[Start of Attachment]
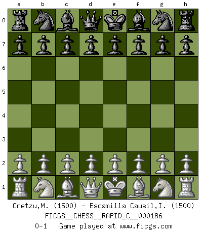 Last move : 0-1 2018 October 23 9:48:29 [Event "FICGS__CHESS__RAPID_C__000186"] [Site "FICGS"] [Date "2018.09.23"] [Round "1"] [White "Cretzu,Marian"] [Black "Escamilla Causil,Ivan Agustin"] [Result "0-1"] [WhiteElo "1500"] [BlackElo "1500"] 0-1 This chess game has been lost on time (started : 2018.09.23 3:55:24) Player Black won this chess game. Follow this game move after move (download)On the chessboard, lies and hypocrisy do not survive long. (Emanuel Lasker) Wir können eben der zündenden Macht des Opfers nicht wiederstehen, denn die Begeisterung für das Opfer liegt in der Natur des Menschen. (Rudolf Spielmann) Observen a Garry Kasparov. Después de una derrota, invariablemente el gana la próxima partida. Prácticamente hace pedazos a su siguiente oponente. Eso es algo que tenemos que aprender a lograr. (Maurice Ashley) À la honte des hommes, on sait que les lois du jeu sont les seules qui soient partout justes, claires, inviolables et exécutées. Pourquoi l'Indien qui a donné les règles du jeu d'échecs est-il obéi de bon gré dans toute la terre, et que les décrétales des papes, par exemple, sont aujourd'hui un objet d'horreur et de mépris ? C'est que l'inventeur des échecs combina tout avec justesse pour la satisfaction des joueurs, et que les papes, dans leurs décrétales, n'eurent en vue que leur seul avantage. L'Indien voulut exercer également l'esprit des hommes et leur donner du plaisir; les papes ont voulu abrutir l'esprit des hommes. Voltaire (Dictionnaire philosophique / Garnier 1967) The age of a woman doesn't mean a thing. The best tunes are played on the oldest fiddles. (Ralph Waldo Emerson)
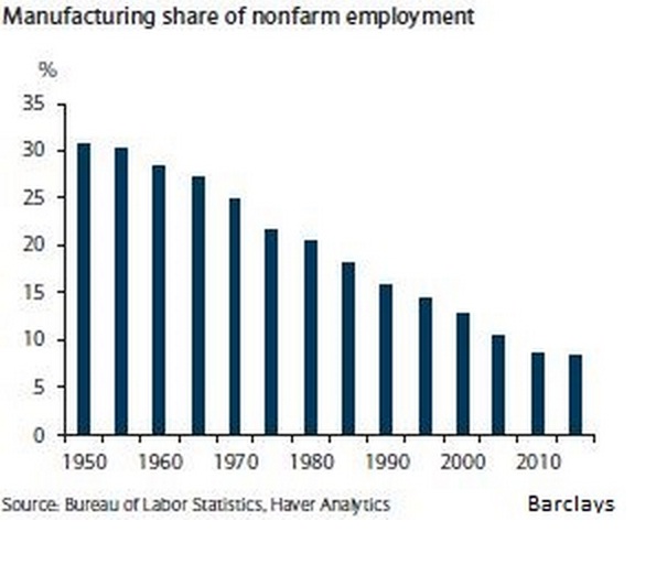 Would it have been 1950, then this weakness would have mattered a lot. Back then manufacturing used to have more than 30% share in non-farm payroll but as of 2015, according to Barclays and as shown in figure it just contributes to 8.6% in NFP and 12.1% in US GDP.
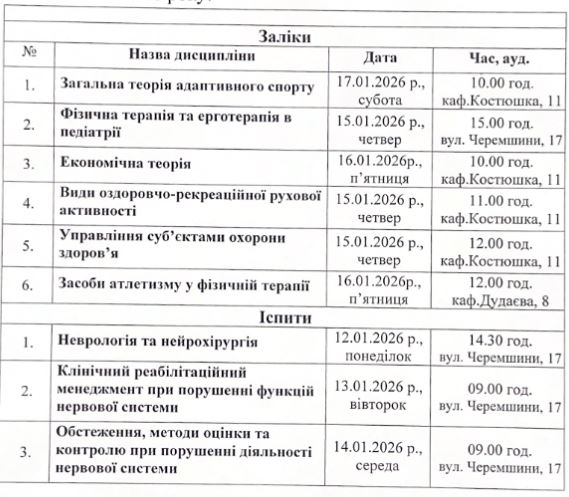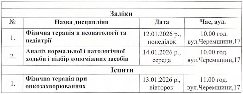 Графік повторного складання заліків та іспитів зимової заліково-екзаменаційної сесії 2025-2026 н.р.
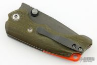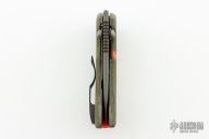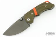 This Dervish Comanche features a darkened bead blast finished drop point blade with dual thumbstuds and a notched thumb rest. The handle features cross cut green canvas micarta scales with an orange g10 stripe, bead blast finished liners and an orange g10 backspacer with lanyard hole. Blade is centered when closed, locks up with no play, and has a nice crisp detent. This piece comes in a padded case with Dervish patch and COA. Has a couple scuffs on the clip, excellent condition otherwise.
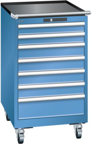 "longDescription": "LISTA Schubladenschrank mobil, Lista Einheit: 27x36E, BxTxH: 564x725x990mm, Schubladen-Nutzfläche BxT: 459x612mm, Anzahl Schubladen: 7, Anzahl Fronthöhen (Tragkraft): 2x 75mm (75kg), 4x100mm (75kg), 1x150mm (75kg), Schliessart: Code Lock, elektronisches Zahlenschloss mit 10 Ziffern für 4- bis 6-stellige Codes, bis 100 Codes, Farbe Gehäuse: Capriblau RAL 5019, Farbe Schubladen: Capriblau RAL 5019. Höchste Stabilität: Gehäuse bis 4t belastbar, Schubladen mit 75 oder 200 kg Tragkraft. Maximale Ausnutzung dank Vollauszug und optimaler Mantelhöhe der Schubladen. Exzellente Schutzeigenschaften gegen Schmutz, Flüssigkeiten und mechanische Beanspruchung durch geschlossenes Gehäuse mit schlag- und abriebfester Oberfläche. Überzeugende Sicherheit: Aushebesicherung gegen Herausfallen der Schubladen und Einzelschubladensperre als Kippschutz. Korrosionsschutz durch Elektrophorese-Tauchlackierung und umweltfreundlichen Pulverlack. Optimale Ordnung und Organisation dank speziellem LISTA-Einteilungsmaterial für jeden Zweck und gelochter, geschlitzter Schubladen. Professionelle Beschriftung mit Beschriftungssoftware LISTA Script und hochklappbarer Griffleiste zum Einlegen der Etiketten. Perfekte Laufruhe durch traversenlos geführten Differenzialauszug. Flexible Anpassungsmöglichkeiten durch vorperforierte Löcher für Tischplatten (Punchout), Rollen, Schubladen, Schliesssysteme für einfaches Um- und Nachrüsten<br>",
[End of Attachment]
The expected output is the exact run of lines from the first line of the material above through the line that contains "Графік повторного складання", minus any pictures.

**Your response**
 Last move : 0-1 2018 October 23 9:48:29 [Event "FICGS__CHESS__RAPID_C__000186"] [Site "FICGS"] [Date "2018.09.23"] [Round "1"] [White "Cretzu,Marian"] [Black "Escamilla Causil,Ivan Agustin"] [Result "0-1"] [WhiteElo "1500"] [BlackElo "1500"] 0-1 This chess game has been lost on time (started : 2018.09.23 3:55:24) Player Black won this chess game. Follow this game move after move (download)On the chessboard, lies and hypocrisy do not survive long. (Emanuel Lasker) Wir können eben der zündenden Macht des Opfers nicht wiederstehen, denn die Begeisterung für das Opfer liegt in der Natur des Menschen. (Rudolf Spielmann) Observen a Garry Kasparov. Después de una derrota, invariablemente el gana la próxima partida. Prácticamente hace pedazos a su siguiente oponente. Eso es algo que tenemos que aprender a lograr. (Maurice Ashley) À la honte des hommes, on sait que les lois du jeu sont les seules qui soient partout justes, claires, inviolables et exécutées. Pourquoi l'Indien qui a donné les règles du jeu d'échecs est-il obéi de bon gré dans toute la terre, et que les décrétales des papes, par exemple, sont aujourd'hui un objet d'horreur et de mépris ? C'est que l'inventeur des échecs combina tout avec justesse pour la satisfaction des joueurs, et que les papes, dans leurs décrétales, n'eurent en vue que leur seul avantage. L'Indien voulut exercer également l'esprit des hommes et leur donner du plaisir; les papes ont voulu abrutir l'esprit des hommes. Voltaire (Dictionnaire philosophique / Garnier 1967) The age of a woman doesn't mean a thing. The best tunes are played on the oldest fiddles. (Ralph Waldo Emerson)
 Would it have been 1950, then this weakness would have mattered a lot. Back then manufacturing used to have more than 30% share in non-farm payroll but as of 2015, according to Barclays and as shown in figure it just contributes to 8.6% in NFP and 12.1% in US GDP.
 Графік повторного складання заліків та іспитів зимової заліково-екзаменаційної сесії 2025-2026 н.р.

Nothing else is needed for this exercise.